Mobile terminal users are very sensitive to traffic. Meituan Takeout occasionally receives complaints from users that they consume a large amount of traffic in a short period of time. Therefore, we consider whether we can make local statistics on users’ traffic consumption in the App and report them to the background. This statistic does not have to be accurate to each API, but can be roughly categorized to calculate the total traffic consumption. The dimensions of traffic statistics are as follows: natural day + source of request + network type.

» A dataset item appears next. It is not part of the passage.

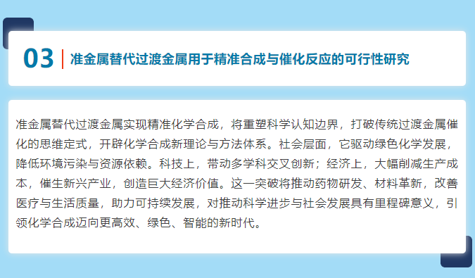 中国化学会推荐“准金属替代过渡金属用于精准合成与催化反应的可行性研究”入选“2025十大前沿科学问题”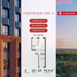 Продается 2-к квартира 70,0 кв.м. в ЖК "Семеновский парк 2" на 20-м этаже 25 этажного дома.

Why do you need to monitor traffic locally on the client when you have server-side traffic monitoring (such as CAT)? Local traffic counts all network requests made by clients, which is difficult to monitor on the server. One example is that not all network requests are reported to the server for monitoring; Another example is that the user may consume only the upstream traffic for network reasons, but the requests do not reach the server.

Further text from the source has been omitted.